Typically there are two ways to increase scalability:

Vertical scalability – by adding hardware resources, usually addition of CPU, memory etc. This vertical scaling (scaling-up) enables them to use virtualizations technologies more effectively by providing more resources for the hosted operating systems and applications to share.

Horizontal scalability – means to add more nodes to a system, such as adding new node to a distributed software application or adding more access points within the current system. Hundreds of small computers may be configured in a cluster to obtain aggregate computing power. The Horizontal scalability (scale-out) model also creates an increased demand for shared data storage with very high I/O performance especially where processing of large amounts of data is required. In general, the scale-out paradigm has served as the fundamental design paradigm for the large-scale data-centers of today.

Integrating multiple load balancers into your system is probably the best solution for dealing with scalability issues. There are many different forms of load balancers to choose from; server farms, software and even hardware that have been designed to handle and distribute increased traffic. Items that interfere with scalability[3]:

Too much software clutter (no organization) within the hardware stack(s).

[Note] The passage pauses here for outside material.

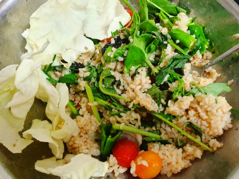 가지현미 주먹밥 재료 가지비건 콩 마요네즈 된장 트러플 오일(올리브오일) 소금후추 현미밥 참기름간장

Overuse of third-party scaling.

Reliance on the use of synchronous calls.

Not enough caching

Database not being used properly.

Creating a cloud network that offers the maximum level of scalability potential is entirely possible if we apply a more “diagonal” solution. By incorporating the best solutions present in both vertical and horizontal scaling, it is possible to reap the benefits of both models[3]. Once the servers reach the limit of diminishing returns (no growth), we should simply start cloning them. This will allow us to keep a consistent architecture when adding new components, software, apps and users. For most individuals, problems arise from lack of resources not the inherent architecture of their cloud itself. A more diagonal approach should help the business to deal with the current and growing demands that it is facing.

18

4. Elasticity

Of all the attributes possessed by cloud computing in general, the most important is certainly its elasticity. It’s ability to amplify and instantly upgrade resources and/or capacities on a moment notice. Storage, processing and the scalability of applications are all elastic in the cloud. The really remarkable thing about cloud computing is the real-time infrastructure that actively responds on user requests for resources. Without the real-time monitoring and support behind this elasticity, the effectiveness, adaptability and muscle of cloud computing would be greatly undermined. It is this elastic ability that the service providers possess which allows them to offer their users access to cloud computing services at such reduced costs. Since users only pay for what they use they can save money. For example with the traditional grid computing network every user has its own intensive hardware setup of which most of the users rarely use more than 50% of the capacity. Their combined resource usage might be 20-30% of the total resources available on their central cloud computing hardware stack. What cloud computing is really offering is the ability for average users to retain their current standards and expectations, while leaving the door open for instant expansion opportunities if they desire it. This also gives a much more efficient way to use energy. Elasticity offers the same computing experience to which we are accustomed, with the added benefit of near limitless resources at the same time offering a way to manage the energy consumption. [1][3] The elastic capabilities offered by cloud computing makes it perfectly suited toward handling certain activities or processes.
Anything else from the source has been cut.